- Your objective -
Output verbatim the lines beginning at the one that contains "Topshop – Zielona" and ending at the last line of the material, inclusive of both.

-- Opening Marker --

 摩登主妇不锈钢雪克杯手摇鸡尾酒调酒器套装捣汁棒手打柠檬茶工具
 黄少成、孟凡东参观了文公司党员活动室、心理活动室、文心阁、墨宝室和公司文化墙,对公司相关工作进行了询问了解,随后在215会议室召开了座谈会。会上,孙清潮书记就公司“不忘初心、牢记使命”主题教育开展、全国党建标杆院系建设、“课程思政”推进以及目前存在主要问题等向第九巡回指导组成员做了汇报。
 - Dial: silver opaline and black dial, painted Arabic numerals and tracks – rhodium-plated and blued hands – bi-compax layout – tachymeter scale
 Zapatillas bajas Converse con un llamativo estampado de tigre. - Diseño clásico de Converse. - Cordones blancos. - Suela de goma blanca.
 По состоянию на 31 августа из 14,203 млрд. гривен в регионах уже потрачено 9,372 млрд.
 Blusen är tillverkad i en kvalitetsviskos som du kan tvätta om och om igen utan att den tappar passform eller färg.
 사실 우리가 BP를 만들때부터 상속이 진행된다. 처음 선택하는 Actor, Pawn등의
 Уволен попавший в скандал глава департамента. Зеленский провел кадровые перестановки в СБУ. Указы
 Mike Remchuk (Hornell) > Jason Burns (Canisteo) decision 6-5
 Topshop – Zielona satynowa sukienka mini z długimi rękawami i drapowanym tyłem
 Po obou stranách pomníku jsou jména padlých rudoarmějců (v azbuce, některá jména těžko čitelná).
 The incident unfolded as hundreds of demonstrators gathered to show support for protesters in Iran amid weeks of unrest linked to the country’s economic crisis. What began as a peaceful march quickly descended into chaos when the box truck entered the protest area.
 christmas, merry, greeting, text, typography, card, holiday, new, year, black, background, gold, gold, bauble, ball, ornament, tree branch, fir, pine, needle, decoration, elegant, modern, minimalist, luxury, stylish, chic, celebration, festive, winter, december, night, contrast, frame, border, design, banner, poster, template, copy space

-- Closing Marker --

- Result of the exercise -
 Topshop – Zielona satynowa sukienka mini z długimi rękawami i drapowanym tyłem
 Po obou stranách pomníku jsou jména padlých rudoarmějců (v azbuce, některá jména těžko čitelná).
 The incident unfolded as hundreds of demonstrators gathered to show support for protesters in Iran amid weeks of unrest linked to the country’s economic crisis. What began as a peaceful march quickly descended into chaos when the box truck entered the protest area.
 christmas, merry, greeting, text, typography, card, holiday, new, year, black, background, gold, gold, bauble, ball, ornament, tree branch, fir, pine, needle, decoration, elegant, modern, minimalist, luxury, stylish, chic, celebration, festive, winter, december, night, contrast, frame, border, design, banner, poster, template, copy space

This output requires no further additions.